Fairly often I have clients tell me “this is like the best kind of therapy!” and I just laugh a little and turn red, and say “thank you”. I truly hope I can help a few women even if it is just creating confidence in their journey of self love.

Creating Confidence with Boudoir

You may recognize Ms. F, as this is her second time gracing the blog – she first appeared in September 2017. Boudoir is such an intimate experience, and it’s an absolute privilege to get to deepen that bond even further with return clients. I love hearing each unique story and helping women along their journey, through boudoir photography. Ms. F is one of the most phenomenal women I’ve had the chance to get to know through boudoir, and I am so honored to share her story and second photoshoot with you. By the time her second shoot came around we were like old friends and she opened up to me about what the boudoir shoot meant to her and what happened to her when she was younger. I appreciate women SO SO much who are willing to be vulnerable with me and let me in. I really connected with Ms. F and she is one of my favorite people on the planet because of this… and because I’m pretty sure we were sisters in a past life.

This is MY Body

Between a traumatic event in childhood and multiple surgeries, Ms. F never felt like her body was her own. She didn’t know it, but she was creating confidence with boudoir.

In Her Own Words

I was 12 years old when I found a camera in my bathroom. I only saw one single picture. I’ll never forget the feeling, and unfortunately, I’ll never forget that image. I never told anyone until I was 28 years old, when I admitted myself into an amazing mental health hospital for 3 months.

Before entering treatment, I also had open heart surgery, a brain tumor, and accompanying those, their good friends: major depression and anxiety. I had some major work to do! My first shoot with Tamara was amazing. I told her it was about how I love my scars. Which is true, although I didn’t mention any of the other thoughts or reasons behind the initial booking.

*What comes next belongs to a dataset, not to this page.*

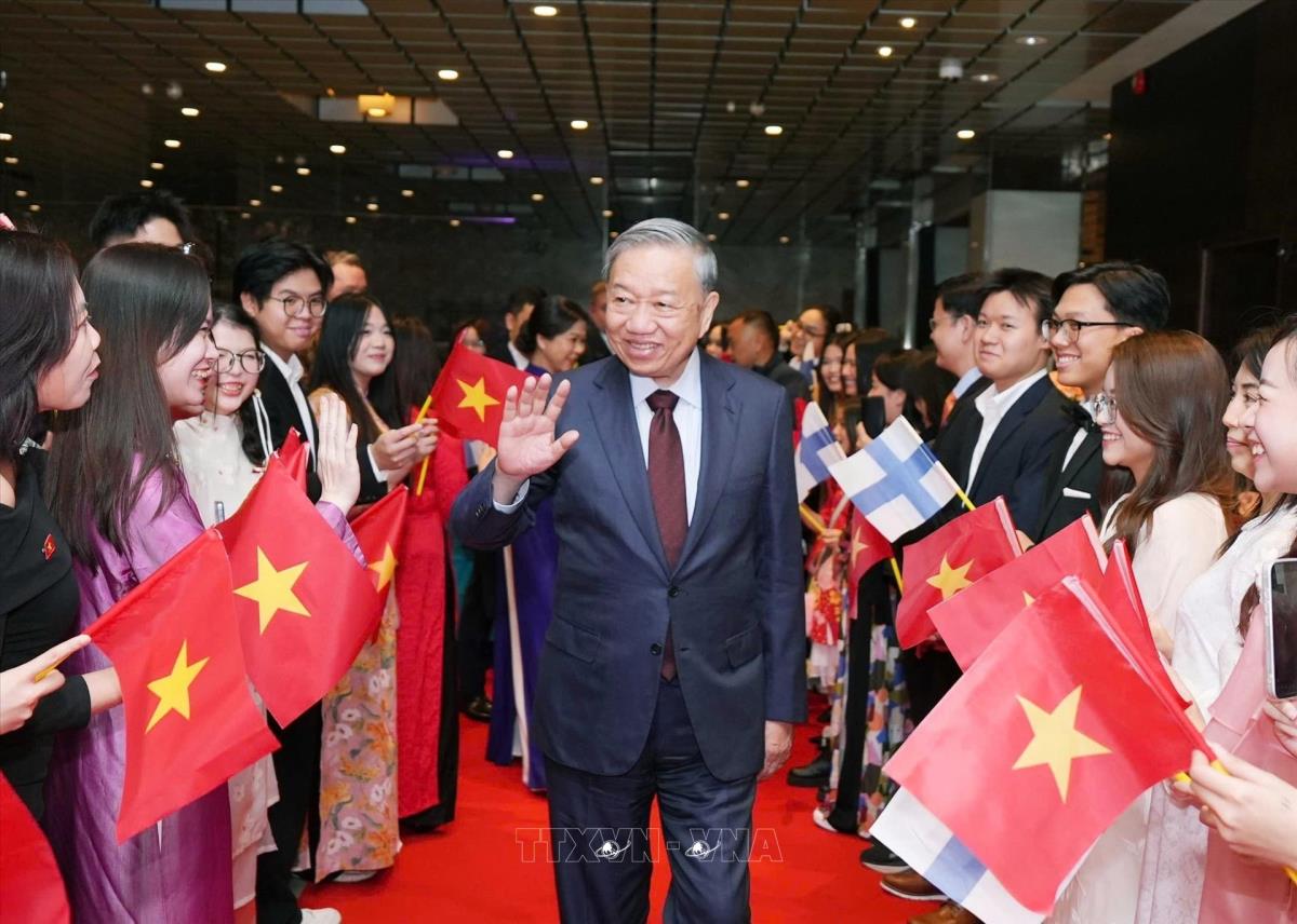 Cộng đồng người Việt Nam tại Phần Lan đón Tổng Bí thư Tô Lâm và Phu nhân (20/10/2025). Ảnh: Thống Nhất – TTXVN
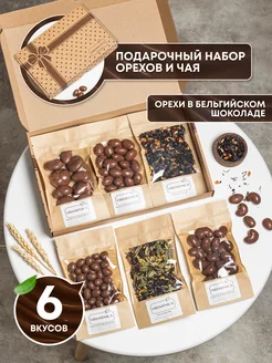 Орехи в шоколаде подарочный набор бокс с чаем

When I got there, I was super nervous. As soon as I started talking to Tamara, I realized she has this calming yet exciting presence that turns it all into fun. I trusted her. Getting into the photo shoot, I didn’t feel like the terrified little girl, the surgery patient, or the weird depressed girl. I felt like a strong powerful human being, like a WOMAN. I felt control like I’ve never felt before. Tamara asked if she could share some of my pictures online. I was scared. I was hesitant… but then that sense of control came back.

Wait.

This time it is MY CHOICE.

NOT his.

I want to share.

…..I also booked another session.

The second shoot was me just being me (with the amazing skills of Tamara and her make up/hair team). It’s like going to a therapist who lets you play in her awesome closet! After the shoot, she asked if she could use the images again.

Absolutely.

The battle with depression, trauma, anxiety, and self esteem is an ongoing one. I’ll never stop fighting, there are those bad days when those familiar thoughts of “you’re a weird, damaged little girl”, “you aren’t good enough and you never will be”, “you’re beyond repair”. Those thoughts and the sense of worthlessness can be crippling and defeating. I know I’m not the only one who has those thoughts. But, they aren’t real. I can look back on the photos Tamara took of me and say: “Look. Look how strong and in control you are. You can do this!!”

It helps to have people like Tamara support what you’ve been trying to convince yourself all these years. It reinforces what I’ve learned in treatment and therapy, and that I am on the right path. These were more than just photo shoots. Boudoir was a cathartic experience for me. I absolutely love what Tamara is doing through her work. Her pictures are amazing too! 😉

– Ms. F

Ms. F, you are incredible. You are such a beautiful and inspiring muse! Thank you so much for sharing your story. I can’t wait for our next shoot!